Despite the significant jump in crop futures prices, we see a host of factors helping to delay and/or mitigate the impact on inflation … On the policy front, our EM [emerging markets] team expects local central banks to remain focused on growth … But even if higher food prices constrain central banks on the margin, the impact on global growth should be limited.
Economists, however, always like to leave themselves an escape route to change their outlook down the road, and they are doing so again. The impact of high food prices on global growth will depend on how high those prices go. That will depend on factors that are impossible to predict — the weather, for example. A bit more rain in the U.S. Midwest might salvage some of the corn crop and bring prices down, for example. Or continued drought in the U.S. combined with problems elsewhere in the world (for example, a feeble Indian monsoon) could conspire to deal a harder blow to the global economy. Personally, I’m more negative than the Merrill gang about the effect of rising food prices. I think consumer sentiment, especially in the advanced economies, is so fragile right now that bigger bills at the supermarket, even only slightly bigger bills, could convince many families of the need to retrench.
(MORE: Food Fight!
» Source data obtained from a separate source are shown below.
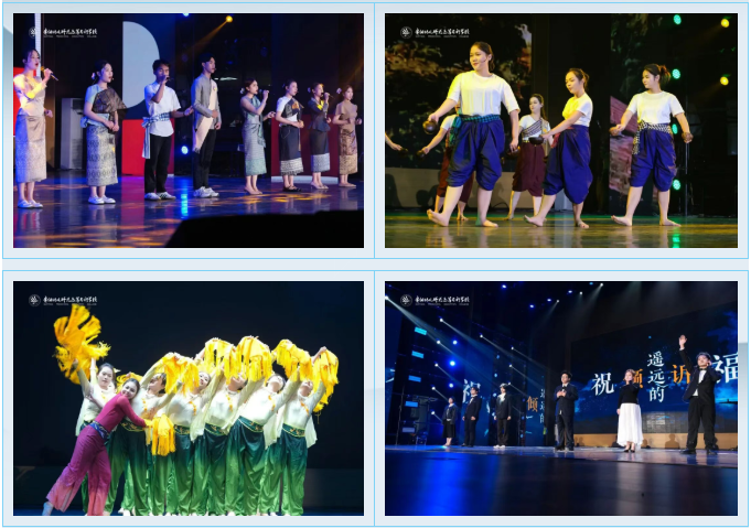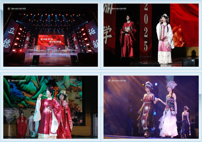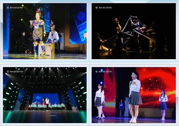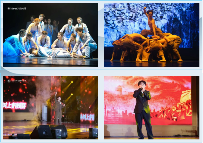 晚会现场,歌舞《国风校友》与舞蹈《一路繁花》以灵动舞姿传递美好期许;合唱《明天会更好》与大合唱《四渡赤水出奇兵》用激昂旋律凝聚奋进力量,将我校师生同心逐梦的坚定信念融入艺术表达,让初心与使命在歌声中传递、在舞姿中绽放。从山河筑梦的古风雅韵,到文脉赓续的厚重坚守,从青春赋艺的活力狂欢,到薪火相传的使命担当,每一个篇章都藏着我们对中华的热爱、对教育的赤诚。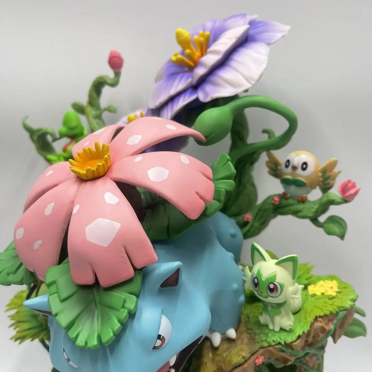 In primo piano mastodontico c’è il re dei Pokemon di tipo erba Venusaur, intorno ne vediamo tanti altri come Bulbasaur, Chikorita, Sprigatito, Rowlet e molti altri ancora.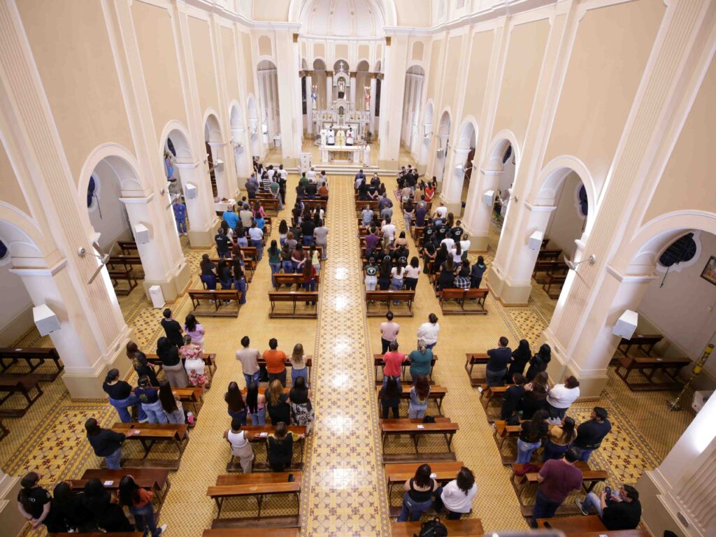 O UniSALESIANO teve a alegria de receber o Inspetor em exercício da Missão Salesiana de Mato Grosso, Pe. Ademir Lima de Oliveira, para a celebração da missa especial em homenagem ao Dia do Professor, realizada na Igreja São João Bosco, na noite de 14 de outubro. A missa contou também com a concelebração do Diretor, Pe. João Marcos, e do Pároco e Coordenador de Pastoral, Pe. Denilson Bezerra, em um momento de fé, gratidão e comunhão.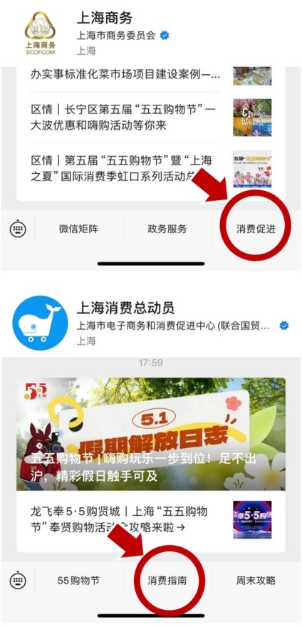 打开“上海商务”“上海消费总动员”公众号以及“随申办”微信小程序、“随申办”APP或“随申办”支付宝小程序,点击首页“55购物节”图标或下方轮播图即可进入活动页面。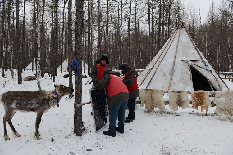 大兴安岭的冬季,远山覆盖着白雪,天空仍飘落着零星的雪花。山风飒飒地吹着,白云缓缓地飘着,鹿角在白雪皑皑的森林中时隐时现,悦耳的鹿铃在远远近近的时空里叮叮当当响个不停,一群驯鹿尽情地奔跑在森林中,远处撮罗子里升起袅袅的炊烟,国网根河市供电公司共产党员服务队一行来到了布冬霞驯鹿放养点,到达目的地后,他们立即操作起来,对光伏发电板进行耐心细致检查并接通电路,高高悬挂的红灯笼在皑皑白雪中显得格外吉祥。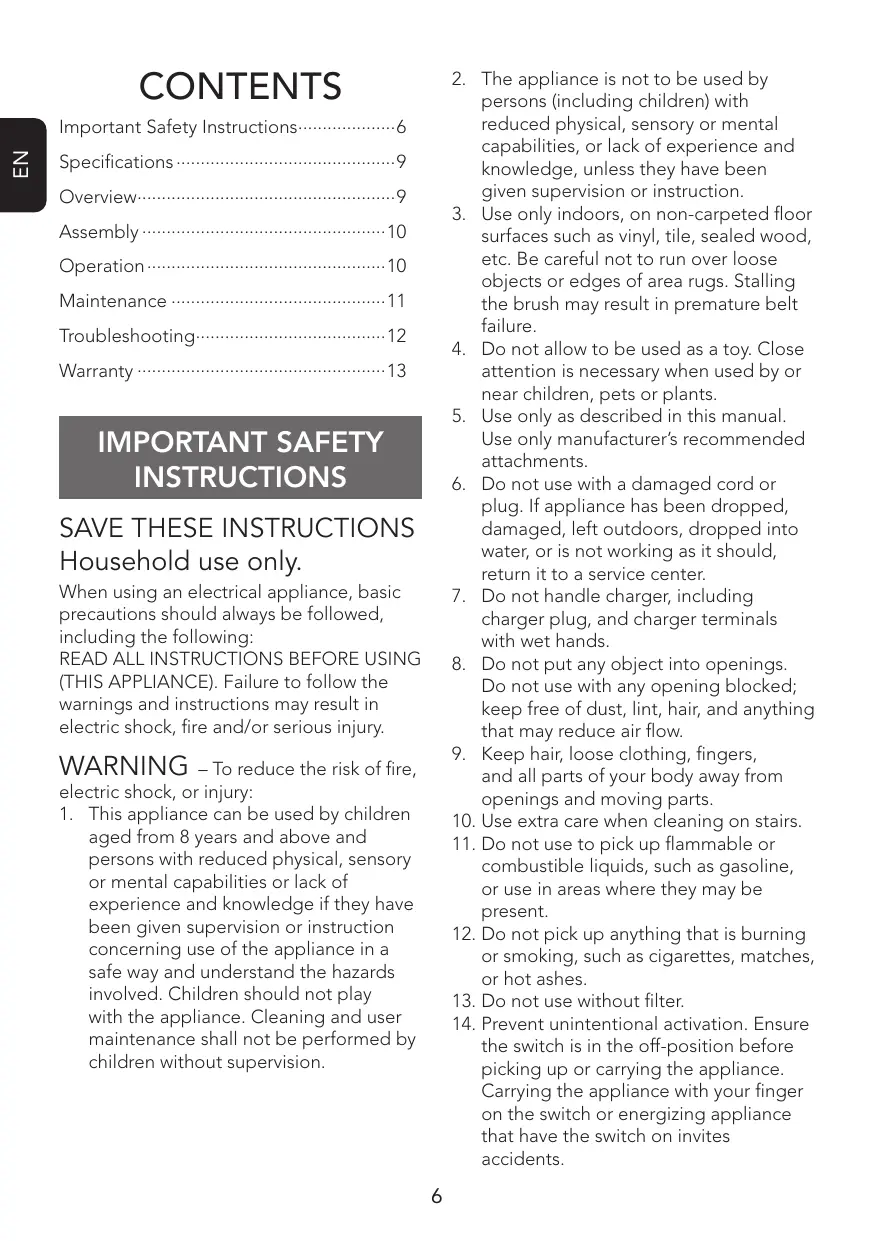 - Use only indoors, on non-carpeted floor surfaces such as vinyl, tile, sealed wood, etc. Be careful not to run over loose objects or edges of area rugs. Stalling the brush may result in premature belt failure.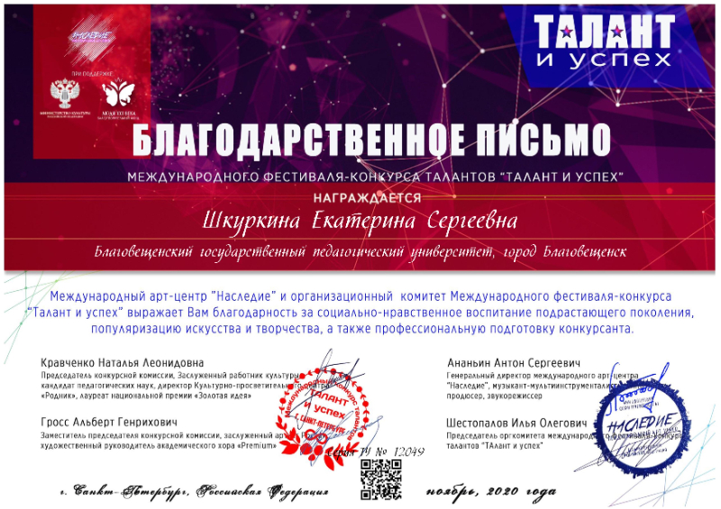 участие в Международном конкурсе талантов «Талант и успех», который проходил с

Stores, Producers, Consumers Battle over High Food Prices)
Generally, though, this third food-price scare in five years shows yet again how badly we need to invest in global agriculture. The problems we’re facing today are an outgrowth of long-term trends — greater wealth in the developing world, a lack of investment in rural infrastructure, falling yield growth — that are altering the supply-demand equation in world food markets, making them more susceptible to bad harvests, natural disasters and other unexpected shocks. So be prepared to get that sickening, familiar feeling again and again.